GTM Master & Standby 启动流程

Postgres-xc 启动流程

Postgres-xl GTM(全局事务管理器 Globale Transaction Manager)GTM Master & Standby 启动流程_函数调用


Postgres-xl GTM(全局事务管理器 Globale Transaction Manager)GTM Master & Standby 启动流程_函数调用_02

Postgres-xl 启动流程

GTM Master启动流程:
main()
–> InitializeGTMOptions() --> InitGTMProcess() --> Parse command line options and load configuration file --> BaseInit()
–> GTM_RestoreStart(ctlf, &restoreContext) --> GTM_RestoreTxnInfo(ctlf, next_gxid, &restoreContext, force_xid) --> GTM_RestoreSeqInfo(ctlf, &restoreContext)
–> GTM_SetNeedBackup() --> GTM_WriteRestorePoint()
–> Establish input sockets --> Setup signal handlers
–> ServerLoop()

GTM Standby启动流程:
main()
–> InitializeGTMOptions() --> InitGTMProcess() --> Parse command line options and load configuration file --> BaseInit()
Recovery_IsStandby()–> Recovery_StandbySetConnInfo(active_addr, active_port) –Recovery_IsStandby()–> gtm_standby_start_startup() –Recovery_IsStandby()–> gtm_standby_begin_backup() --> gtm_standby_restore_next_gxid() --> gtm_standby_restore_gxid() --> gtm_standby_restore_sequence()
–> GTM_SetNeedBackup() --> GTM_WriteRestorePoint()
Recovery_IsStandby()–> gtm_standby_register_self(NodeName, GTMPortNumber, GTMDataDir) –Recovery_IsStandby()–> gtm_standby_restore_node()
–> Establish input sockets --> Setup signal handlers
Recovery_IsStandby()–> gtm_standby_activate_self() --> gtm_standby_end_backup() --> gtm_standby_finish_startup()
–> ServerLoop()

共有函数分析1

InitGTMProcess函数调用MainThreadInit函数创建GTM主线程,并向全局所有子线程信息结构列表添加,初始化互斥锁变量control_lock。MainThreadInit函数初始化全局所有子线程信息结构列表锁和全局backup锁gtm_bkup_lock以及客户端client identifier。

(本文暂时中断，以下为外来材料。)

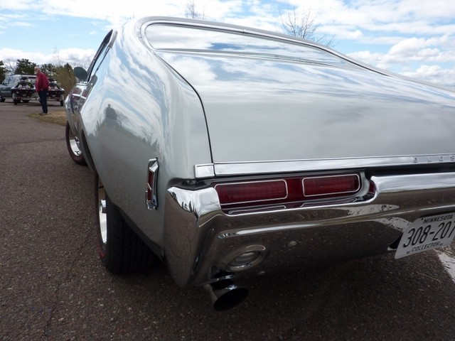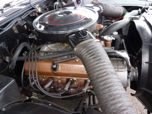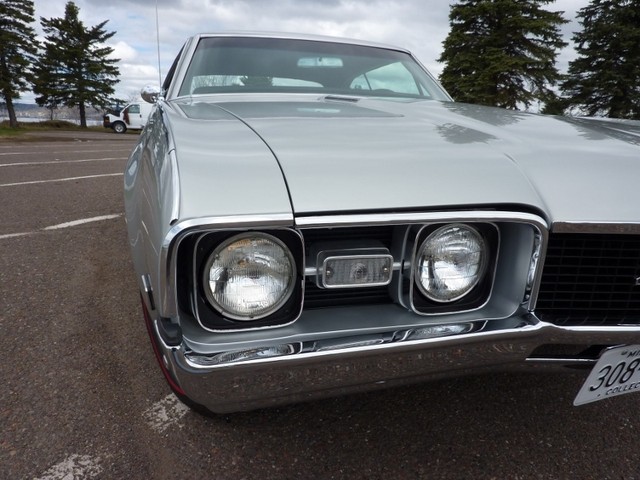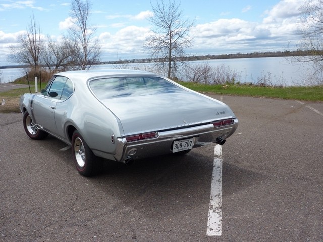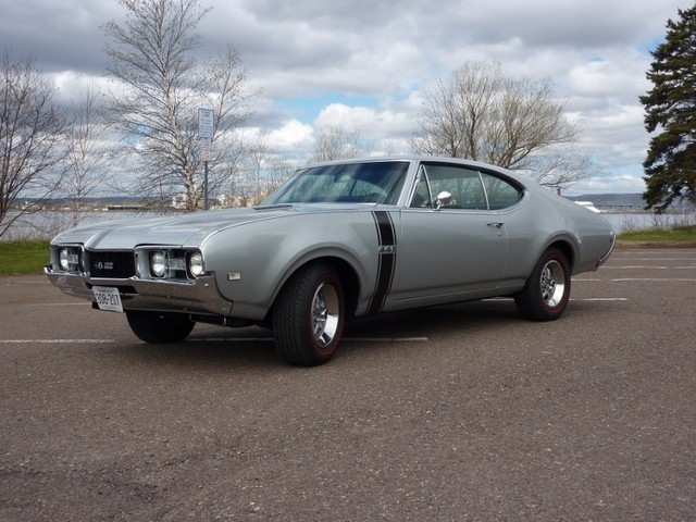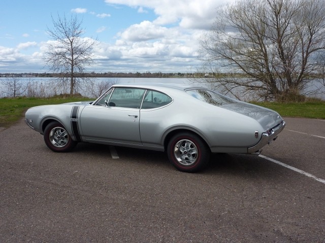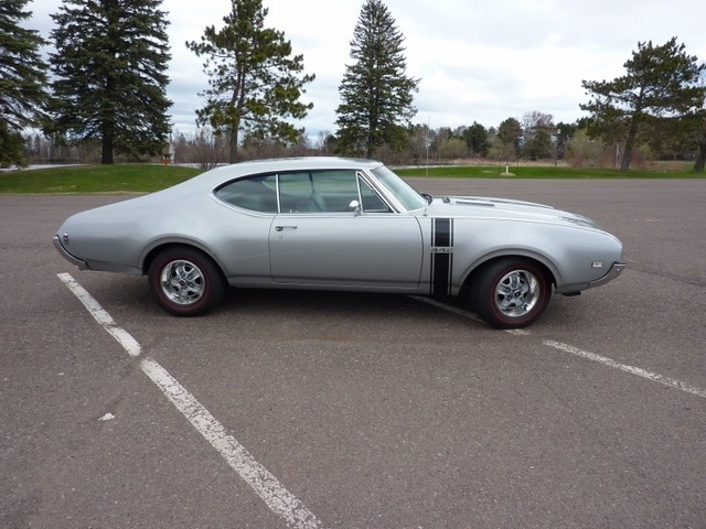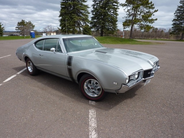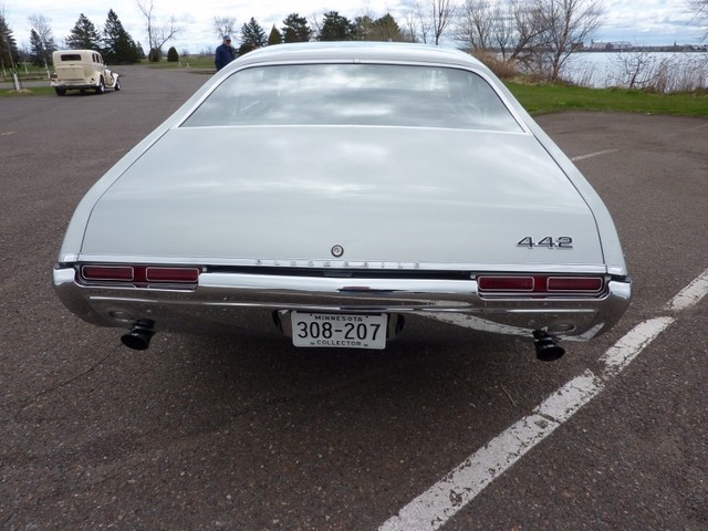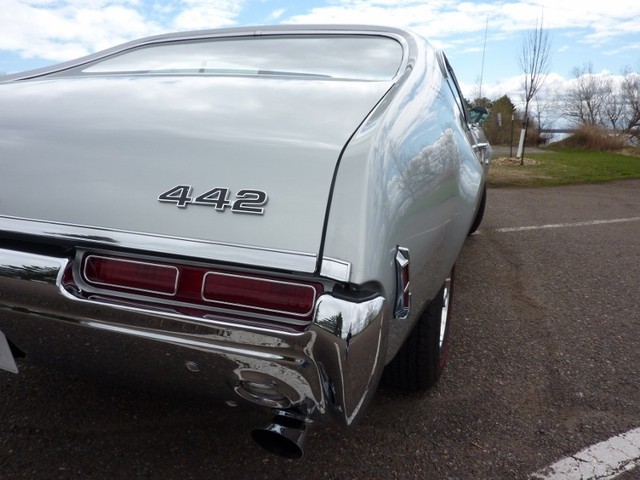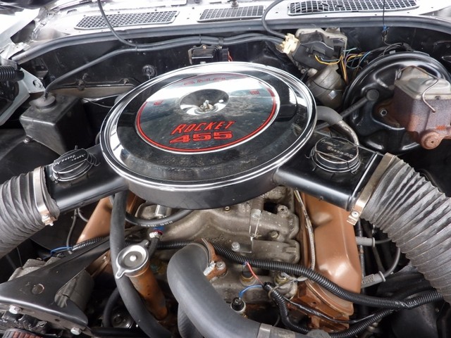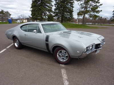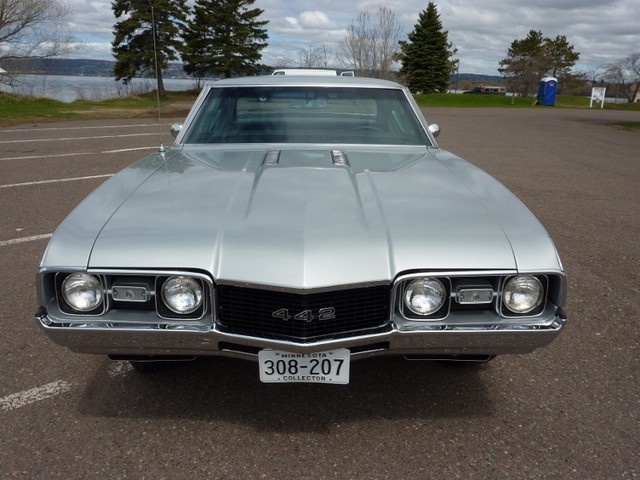 This 442 is beautifully finished in Silver Cortez paint and black vinyl interior.  It is powered by a 455 NOM with 30 over 465 and a mild cam putting out approximately 360 hp.  The motor is from a 1968 Toronado and has 4000 miles on it since the rebuild and has a Turbo 400.  It has a 4BBL with automatic transmission, MagnaFlow dual exhaust, and 3:91 posi. The interior of this car is showroom clean.  Options include power steering, power brakes, clock, smoked glass, original AM/FM radio, Sunpro Tach and Sunpro Gauges.  The engine bay and undercarriage are immaculate.  No corners were cut on the restoration which was done in 2008.  This 442 is straight as an arrow and has a healthy rumble.

static void InitGTMProcess() {
GTM_ThreadInfo *thrinfo = MainThreadInit();
MyThreadID = pthread_self();
MemoryContextInit();
/* The memory context is now set up. Add the thrinfo structure in the global array */
if (GTM_ThreadAdd(thrinfo) == -1){
fprintf(stderr, "GTM_ThreadAdd for main thread failed: %d", errno);fflush(stdout);fflush(stderr);
}
GTM_MutexLockInit(&control_lock);
}

static GTM_ThreadInfo *MainThreadInit(){
GTM_ThreadInfo *thrinfo;
pthread_key_create(&threadinfo_key, NULL);
/* Initialize the lock protecting the global threads info and backup lock info. */
GTM_RWLockInit(&GTMThreads->gt_lock);
GTM_RWLockInit(&gtm_bkup_lock);
/* Set the next client identifier to be issued after connection establishment */
GTMThreads->gt_starting_client_id = 0;
GTMThreads->gt_next_client_id = 1;
/* We are called even before memory context management is setup. We must use malloc */
thrinfo = (GTM_ThreadInfo *)malloc(sizeof (GTM_ThreadInfo));
if (thrinfo == NULL){
fprintf(stderr, "malloc failed: %d", errno);fflush(stdout);fflush(stderr);exit(1);
}
memset(thrinfo, 0, sizeof(GTM_ThreadInfo));
thrinfo->is_main_thread = true;
GTM_RWLockInit(&thrinfo->thr_lock);
if (SetMyThreadInfo(thrinfo)){
fprintf(stderr, "SetMyThreadInfo failed: %d", errno);fflush(stdout);fflush(stderr);exit(1);
}
/* Must be done after thread-info is set */
GTM_RWLockAcquire(&thrinfo->thr_lock, GTM_LOCKMODE_WRITE);
TopMostThreadID = pthread_self();
return thrinfo;
}

BaseInit函数首先初始化全局standby锁,处理数据文件路径,初始化TxnManager、SeqManager、NodeManager。

static void BaseInit() {
/* Initialize standby lock before doing anything else */
Recovery_InitStandbyLock();
checkDataDir();
SetDataDir();
ChangeToDataDir();
CreateDataDirLockFile();
sprintf(GTMControlFile, "%s/%s", GTMDataDir, GTM_CONTROL_FILE);
sprintf(GTMControlFileTmp, "%s/%s", GTMDataDir, GTM_CONTROL_FILE_TMP);
if (GTMLogFile == NULL){
GTMLogFile = (char *) malloc(GTM_MAX_PATH);
sprintf(GTMLogFile, "%s/%s", GTMDataDir, GTM_LOG_FILE);
}
/* Save Node Register File in register.c */
Recovery_SaveRegisterFileName(GTMDataDir);
DebugFileOpen();
GTM_InitTxnManager();
GTM_InitSeqManager();
GTM_InitNodeManager();
}

GTM Standby特有函数1

Recovery_StandbySetConnInfo获取全局standby锁,初始化GTM_ActiveAddress和GTM_ActivePort变量,释放全局standby锁。gtm_standby_start_startup函数利用gtm_standby_connectToActiveGTM函数连接GTM Master。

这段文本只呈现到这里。